Where to Start Rebalancing the Scales
This article is not a call for every street to be a pedestrian street (although it wouldn’t hurt). We could add 50 pedestrian streets covering 100 miles of city streets in majority-minority community areas across the south and west sides without achieving equal distribution of walkable street incentives. Let alone an equitable distribution that would encourage walkable retail and investment in communities that currently lack these neighborhood amenities. While Chicago ranks 4th in Smart Growth America’s “Foot Traffic Ahead” Walkable Urbanism Rankings, it drops down to 7th when Social Equity is factored in.
Pedestrian Streets are designations that aldermen and alderwomen could implement tomorrow based on community plans, which have already identified where local merchants, residents, shoppers, diners, etcetera want to foster walkable commercial corridors.
The reason this hasn’t happened is that an alderman’s focus cannot realistically be kept on every issue. An active chamber of commerce or community group has to champion a pedestrian street and explain the benefits, which can seem unimportant compared to other issues facing many south and west side communities.

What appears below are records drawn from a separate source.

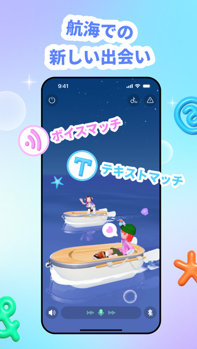 知らない相手と出会いたいときは、「航海」でランダムチャット・通話。最初は相手と自分のプロフィールを見ずに会話が始まります。話してみて「いいな」と思い、お互いに情報を公開すると制限時間がなくなる仕組みです。気が合う人とだけ長く話せるつくりで、無理なく誰かと出会えます。
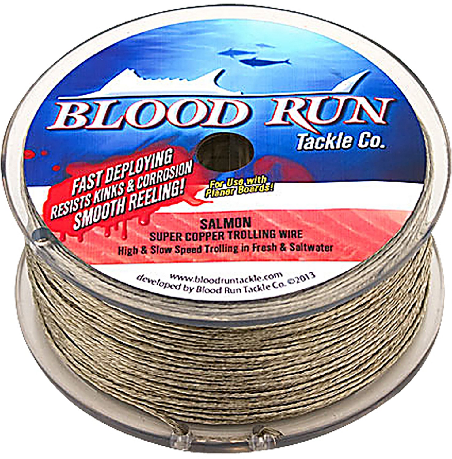 With this Blood Run Tackle Co. 45 lb. 300 feet Braided Copper Trolling Wire on your rig, you can cut through diverse underwater currents and temperatures with ease to reach the fish you're after. Its tin/nickel alloy coating stands up to saltwater corrosion for long-lasting use. Made in USA.
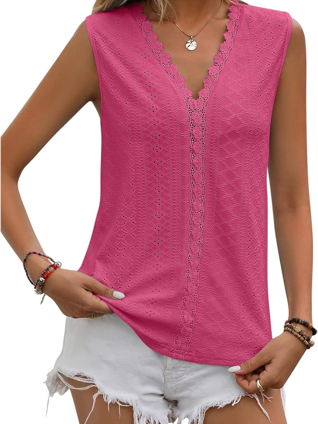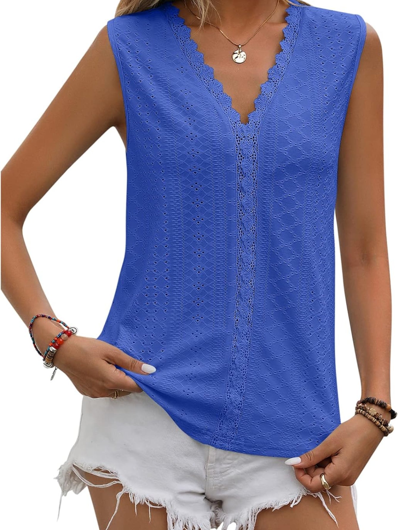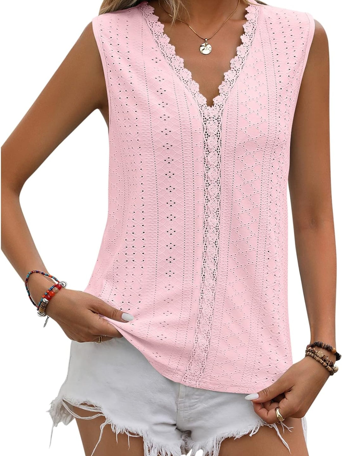 Sale Lace Casual Cute Solid V Neck Tank Tops
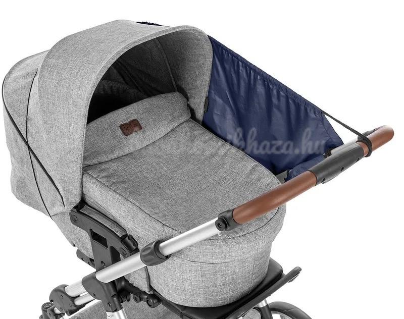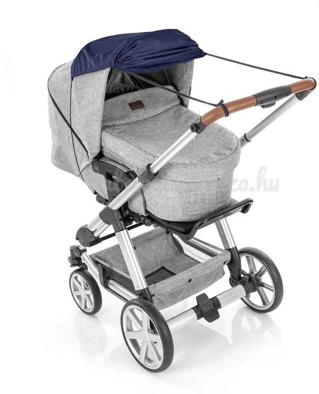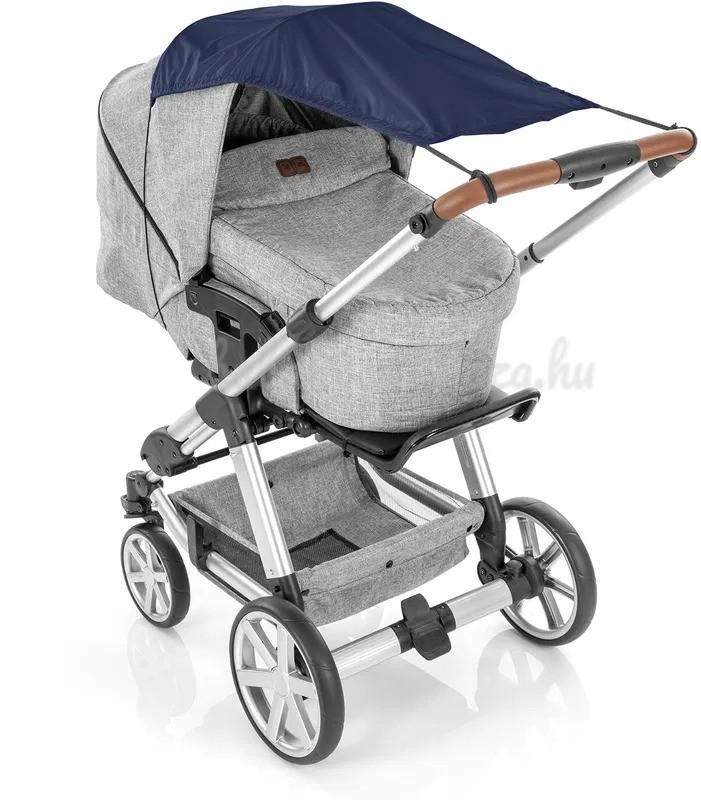 Állítható a nap állásának megfelelően Többféle szerelési módnak köszönhetően a napellenzőt az égen lévő nap aktuális helyzetéhez igazíthatja. A nagy árnyék létrehozásához csak át kell húzni a napellenzőt a tetőn és rögzíteni kell a babakocsi fogantyújához. Reggel és este, amikor a nap alacsonyan van a horizonton, a napellenzőt könnyen rögzítheti a babakocsi oldalához. Ha éppen nem szükséges a napellenző, visszahúzható, mint egy napellenző és így soha nem kell teljesen levenni a babakocsiról.
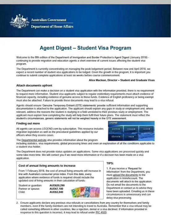通知一:从2018年2月1日起,澳洲学生签证的一年生活费要求从原来的每年19830澳元涨价为每年20290澳元,随行配偶和孩子的生活费要求也有增长,具体见下:

As a matter of equity, city departments should implement Pedestrian Street designation changes based on existing community plans. Otherwise, they will continue only to exist where residents have free time and political power to push through implementation. Which disproportionately describes communities that are not lacking in private investment currently.
Taking the existing Pedestrian Streets just south of Cermak (in green) and adding more than 25 mi of new Pedestrian Streets (in blue) would fail to equal the density of existing pedestrian streets on the north side.
Redefining the Existing Us-v-Them Paradigm
To break the positive feedback loop that continues to concentrate investment primarily in affluent areas, we need our incentives to be equitable. This idea means that development policies need to specifically favor areas that are not favored by the market currently. In other words, level the playing field when capital is flowing downhill to only one part of the field. However, this should not be used as an argument to oppose walkable development in wealthy neighborhoods. Or as a justification to freeze the expansion or creation of pedestrian streets in northside neighborhoods. Since these designations have undeniably improved the areas where they have been implemented. As Mayor Lightfoot has said, “This is not us versus them. Or neighborhoods versus downtown. We are in this together and will grow together.”
Maybe that means we could even get some real international definition pedestrian streets as part of redevelopment plans in neighborhoods starving for investment. One can dream.
Part Two of Four
This post is the second of four total posts in Nia’s Leadership blog. In the next two posts, I will discuss the Affordable Requirements and Transit-Oriented Development ordinances. In each, I will discuss:
- How they were first developed to address development issues in gentrifying and high development areas.
- How they have been adjusted to reduce barriers to development in low to moderate-income areas,
- What additionally can be done to get all the way there.
The 2008 Greater Englewood Community Plan highlighting Halsted as a pedestrian street. Although, it is still not officially designated as a pedestrian street by the city.